Best Pract Res Clin Rheumatol. 2020 Apr 23:101514. doi: 10.1016/j.berh.2020.101514. [Epub ahead of print]
Primary hyperparathyroidism (PHPT) is a condition that affects calcium metabolism due to parathyroid hormone (PTH) hypersecretion leading to hypercalcemia. Manifestations have changed over time, from a symptomatic disease with bone pain, fractures, nephrolithiasis, and muscle weakness, to a condition that is mainly asymptomatic (80-90%). Typical symptoms and signs occur in the bones and kidneys and atypical manifestations are cardiovascular, neuropsychiatric and cognitive, neuromuscular, rheumatological, and gastrointestinal. Diagnosis occurs, in most cases, in asymptomatic patients by a routine calcium measurement with corrected high total calcium associated with high or inappropriately abnormal PTH. If indicated, a search for the location of the involved parathyroid gland should be performed with ultrasound, scintigraphy, or 4D CT. Parathyroidectomy is the gold standard treatment. If surgery cannot be performed, clinical management is indicated. Surgical indications are osteoporosis, hypercalciuria, spine fractures, age <50 years, calcemic values above 1.0 mg/dL threshold value, creatinine clearance ≤60 mL/min, and nephrolithiasis or nephrocalcinosis.
Current data demonstrate that clinical manifestation of PHPT has changed over the decades, and currently the diagnosis, most of the time, is made in asymptomatic patients (without bone and kidney diseases). However, it must be remembered that arthralgias, myalgias as well as generalized pain can also be a manifestation of HPTP, and therefore, it must be listed as a differential diagnosis of rheumatological symptoms. Similarly, cardiovascular and neuropsychiatric symptoms without any known etiology. However, these clinical manifestations are still not strong to indicate surgical treatment and therefore studies to evaluate the outcome of these specific symptoms after parathyroidectomy are necessary.

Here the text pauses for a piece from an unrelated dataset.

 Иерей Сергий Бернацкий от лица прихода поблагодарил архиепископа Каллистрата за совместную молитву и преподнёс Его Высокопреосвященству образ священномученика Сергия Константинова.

In the presence of diagnostic suspicion, laboratory investigation including serum calcium and PTH as well as 24-hour urinary calcium and measurement of 25-OH vitamin D to rule out secondary hyperparathyroidism. In the management of HPTP, first, it is important to check out whether there is an indication for parathyroidectomy. Among the tools for localizing the parathyroid adenoma, 99mTc-sestamibi scintigraphy and dynamic (4D) CT imaging are the most effective. For those patients who will not have surgery for any reason, clinical treatment is indicated for controlling severe hypercalcemia (calcimimetic agent) and for avoiding bone loss (antireabsorptive drugs). In addition, diuretics such as hydrochlorothiazide can be used for reducing hypercalciuria and the probability for kidney stones. Studies evaluating the role of drugs such as denosumab in improving from rheumatological symptoms in addition to increasing the bone mineral density and preventing fractures in patients with PTHP are still lacking.

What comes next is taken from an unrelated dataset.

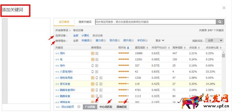 1、系統推薦的詞(直通車后臺添加關鍵詞后,系統會做一些相關推薦,我們經常會按照匹配程度和相關性進行選詞)

Most patients are diagnosed during routine checkups.
Primary hyperparathyroidism is the most common cause of laboratory hypercalcemia.
Some symptoms can be attributed to PHPT such as generalized pain, muscle weakness, and asthenia, which can mimic conditions like polymyalgia rheumatica and fibromyalgia.
A new subset of the disease characterized by NPHT may show bone loss and kidney changes.
The location of the affected gland is not indicated as part of the diagnosis, but only for surgical programming.
Parathyroidectomy is not indicated for all patients, but only for those who have osteoporosis, hypercalciuria, age less than 50 years, nephrocalcinosis, nephrolithiasis, renal dysfunction, hypercalcemia, and spinal fractures.